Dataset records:
************

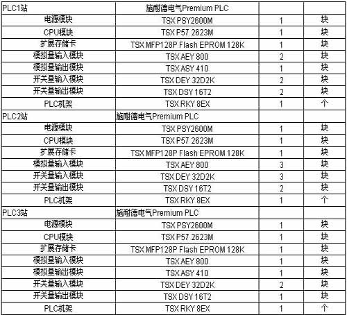 整个厂区共有3个PLC站,硬件采用施耐德电气Premium PLC,分别用光纤及光纤交换机,采用星型连接方式构成以太网络连接至中控室,在 PLC2站,现场电力仪表采用Modbus通讯方式实现数据的采集;软件采用施耐德的PL7Pro,根据控制要求开发程序,完全可以实现前面描述的控制要求。三个站分别处于进水泵房、配电房、脱水机房,基本配置如下:
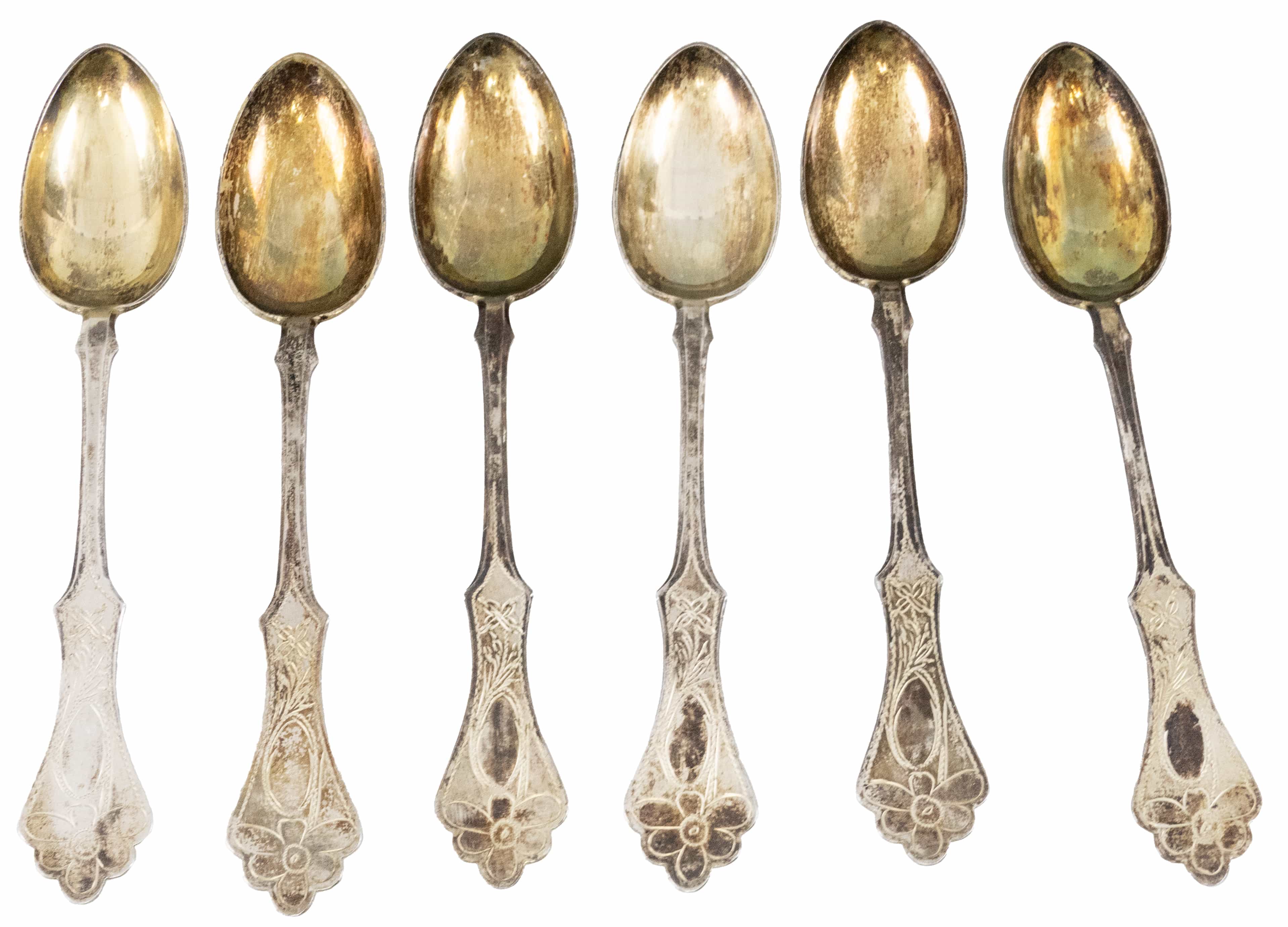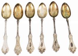 04.12 Șase lingurițe, argint 750 marcat, cozi cu model lobat, gravură manuală, aurire parțială, L 15.5cm, brut 156.11g, poanson românesc 1926/1937
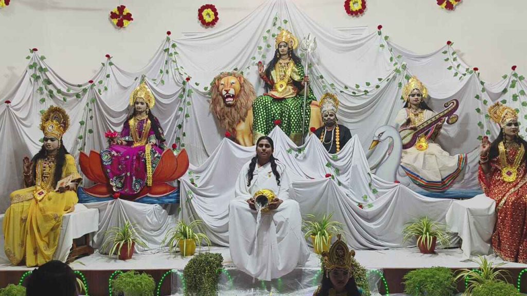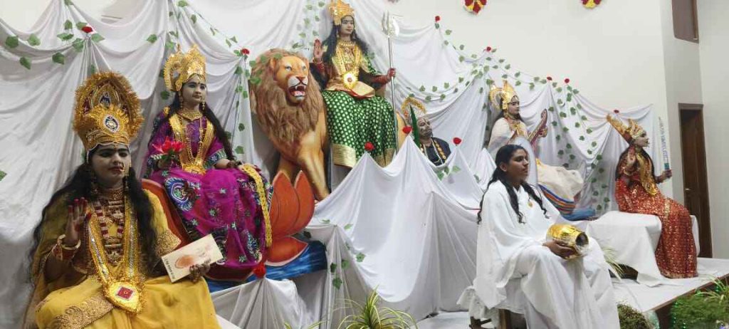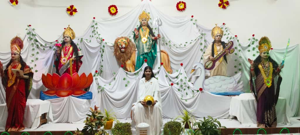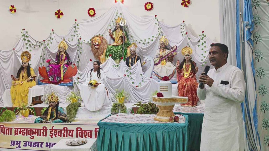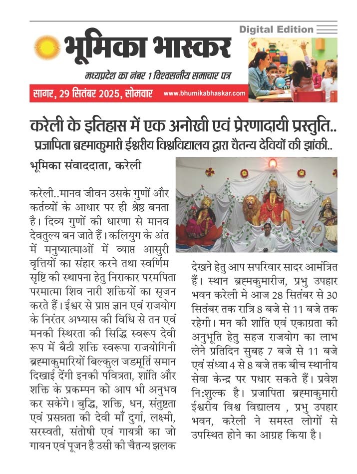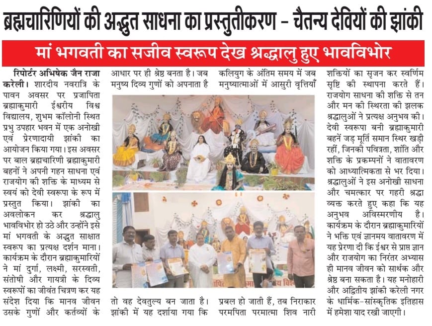 करेली , मध्य प्रदेश। शारदीय नवरात्रि के पावन अवसर पर प्रजापिता ब्रह्माकुमारी ईश्वरीय विश्व विद्यालय, शुभम कॉलोनी स्थित प्रभु उपर भवन में एक अनोखी एवं प्रेरणादायी झांकी का आयोजन किया गया। इस अवसर पर बाल ब्रह्मचारिणी ब्रह्माकुमारी बहनों ने अपनी गहन साधना एवं राजयोग की शक्ति के माध्यम से स्वयं को देवी स्वरूपा के रूप में प्रस्तुत किया झांकी का अवलोकन करने वाले भावविभोर हुए और उन्होंने इसे मातारानी के अद्भुत साक्षात स्वरूप का प्रत्यक्ष दर्शन माना।
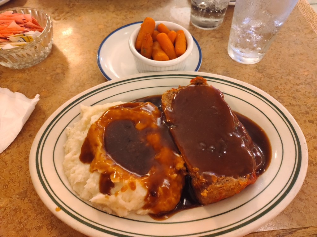 The Maryland Crab Soup is a must-try, packed with succulent crabmeat and the perfect blend of spices. For the main course, the meatloaf served with carrots and creamy mashed potatoes drizzled in gravy will make you feel right at home. Each dish bursts with comfort and flavor, making it a highlight of your visit.
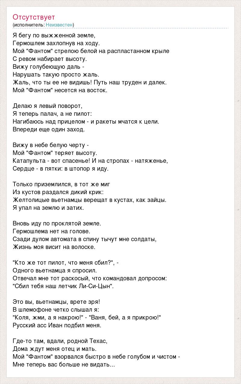 Я бегу по выжженной земле, Гермошлем захлопнув на ходу. Мой "Фантом" стрелою белой на распластанном крыле С ревом набирает высоту. Вижу голубеющую даль - Нарушать такую просто жаль. Жаль, что ты ее не видишь! Путь наш труден и далек. Мой "Фантом" несется на восток. Делаю я левый поворот, Я теперь палач, а не пилот: Нагибаюсь над прицелом - и ракеты мчатся к цели. Впереди еще один заход. Вижу в небе белую черту - Мой "Фантом" теряет высоту. Катапульта - вот спасенье! И на стропах - натяженье, Сердце - в пятки: в штопор я иду. Только приземлился, в тот же миг Из кустов раздался дикий крик: Желтолицые вьетнамцы верещат в кустах, как зайцы. Я упал на землю и затих. Вновь иду по проклятой земле. Гермошлема нет на голове. Сзади дулом автомата в спину тычут мне солдаты, Жизнь моя висит на волоске. "Кто же тот пилот, что меня сбил?", - Одного вьетнамца я спросил. Отвечал мне тот раскосый, что командовал допросом: "Сбил тебя наш летчик Ли-Си-Цын". Это вы, вьетнамцы, врете зря! В шлемофоне четко слышал я: "Коля, жми, а я накрою!" - "Ваня, бей, а я прикрою!" Русский асс Иван подбил меня. Где-то там, вдали, родной Техас, Дома ждут меня отец и мать. Мой "Фантом" взорвался быстро в небе голубом и чистом - Мне теперь вас больше не видать...
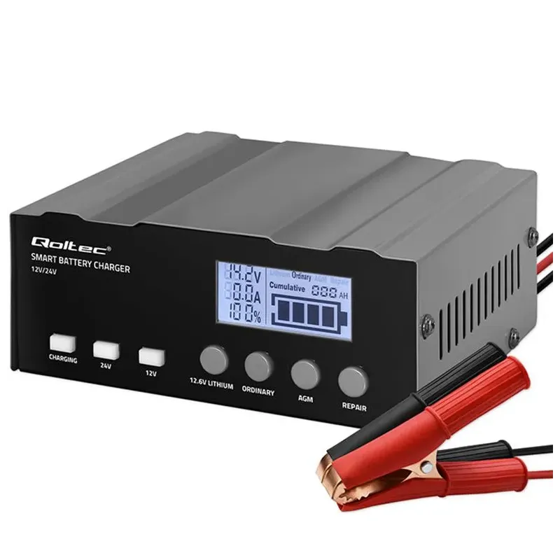 Ładowarka inteligentna Qoltec mikroprocesorowa 12V | 12.6V | 24V | to ładowarka o długości 1.00 m. Zapewnia szybkie i bezpieczne ładowanie urządzeń mobilnych.
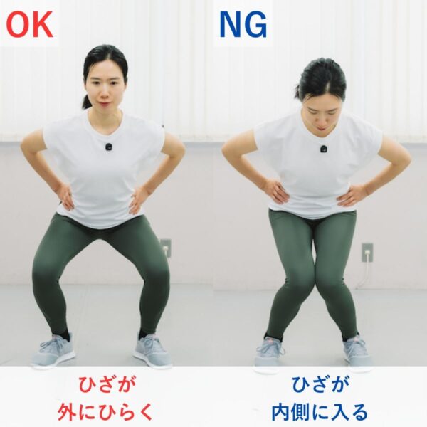 とくに筋力が不足している場合はひざが内側に入りやすいため、つま先とひざの向きをそろえる意識が大切です。
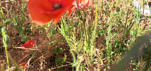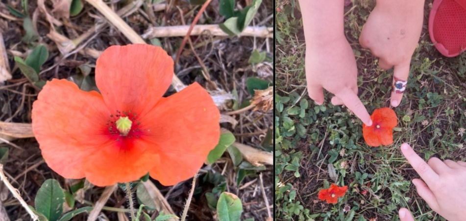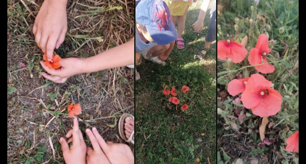En passant à côté de la salle Agora, on a aperçu des tâches rouges au loin dans le pré. C’étaient des coquelicots !
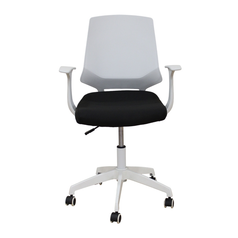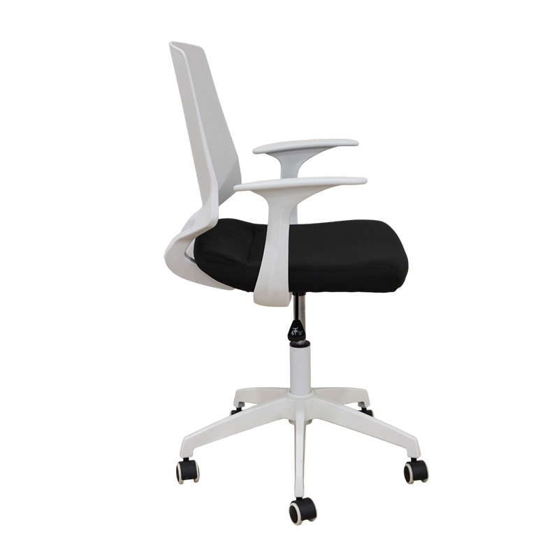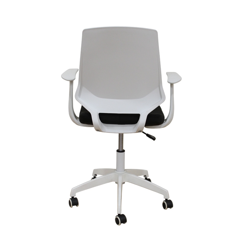 Περιγραφή A1150-W πολυθρόνα γραφείου με minimal σχεδίαση και λευκή πλάτη χωρίς υφασμάτινη επένδυση για μέγιστη ευκολία στο καθάρισμα και ανθεκτικότητα. Η έδρα είναι ενδεδυμένη με μαύρο ύφασμα και προσφέρει ξεκούραστο κάθισμα. Τα μπράτσα το αμορτισέρ και η βάση είναι λευκά. Το κάθισμα ρυθμίζεται στο επιθυμητό ύψος ανάλογα με το ύψος του γραφείου που χρησιμοποιούμε και το ύψος του χρήστη.
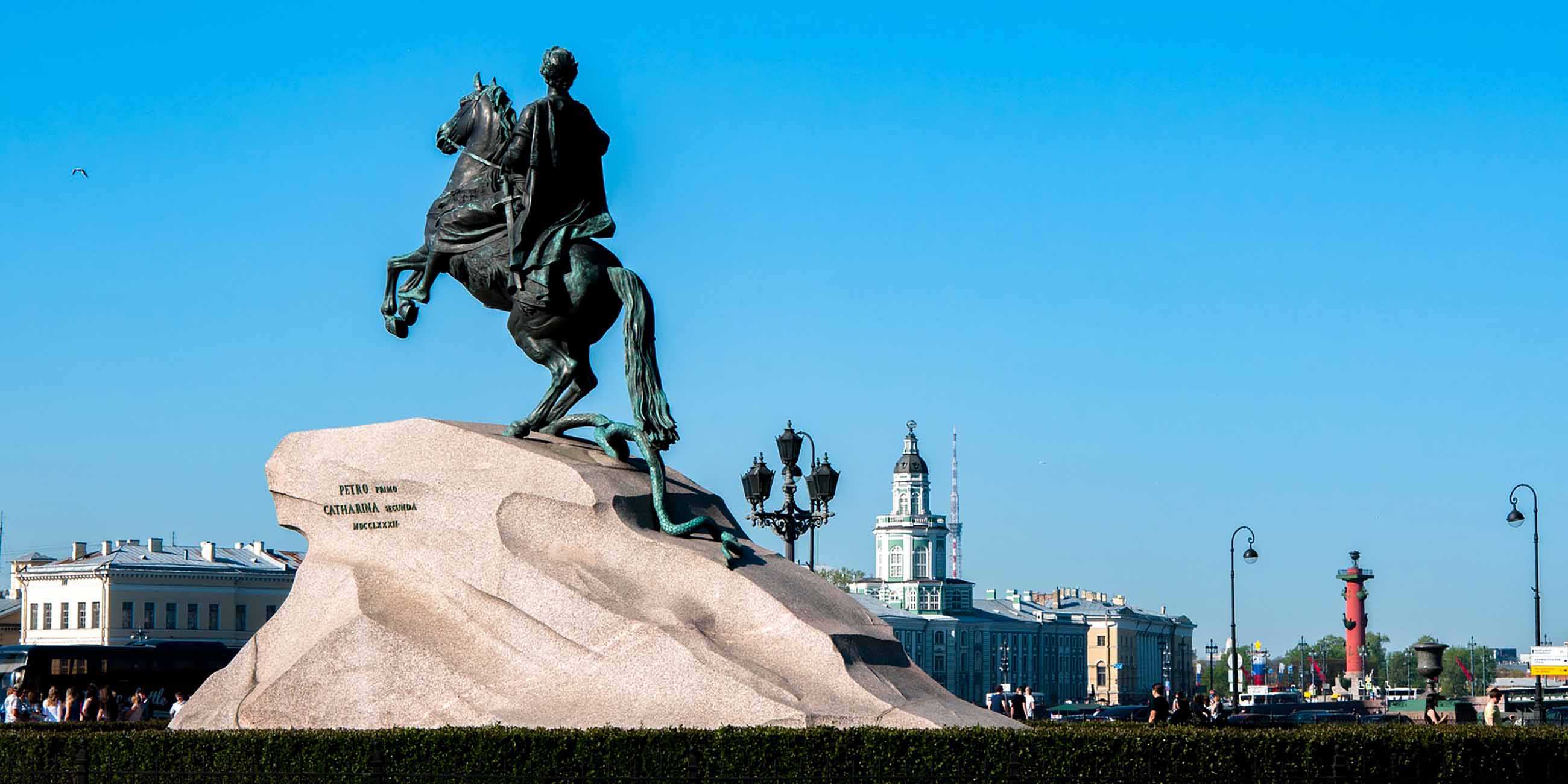 Легендарная достопримечательность Санкт-Петербурга, десятиметровый памятник, выполненный из бронзы и гранита, посвящен первому российскому императору Петру I. Монумент на Сенатской площади — первый конный памятник царю-реформатору. Название «Медный всадник» закрепилось за монументом после выхода в свет одноименной поэмы Александра Пушкина, написанной в 1833 году. Визит к памятнику — обязательный пункт программы любого гостя Санкт-Петербурга, непременная точка каждой экскурсии по городу. Лишь увидев монумент своими глазами, можно осознать все величие «Медного всадника», перед взором которого раскинулась Нева, а за спиной — Исаакиевский собор.

************

**Requirement**: Using the data above, retype exactly the lines from the line with "करेली , मध्य" to the line with "The Maryland Crab", inclusive. No pictures and nothing else.

**Exercise response**:
 करेली , मध्य प्रदेश। शारदीय नवरात्रि के पावन अवसर पर प्रजापिता ब्रह्माकुमारी ईश्वरीय विश्व विद्यालय, शुभम कॉलोनी स्थित प्रभु उपर भवन में एक अनोखी एवं प्रेरणादायी झांकी का आयोजन किया गया। इस अवसर पर बाल ब्रह्मचारिणी ब्रह्माकुमारी बहनों ने अपनी गहन साधना एवं राजयोग की शक्ति के माध्यम से स्वयं को देवी स्वरूपा के रूप में प्रस्तुत किया झांकी का अवलोकन करने वाले भावविभोर हुए और उन्होंने इसे मातारानी के अद्भुत साक्षात स्वरूप का प्रत्यक्ष दर्शन माना।
 The Maryland Crab Soup is a must-try, packed with succulent crabmeat and the perfect blend of spices. For the main course, the meatloaf served with carrots and creamy mashed potatoes drizzled in gravy will make you feel right at home. Each dish bursts with comfort and flavor, making it a highlight of your visit.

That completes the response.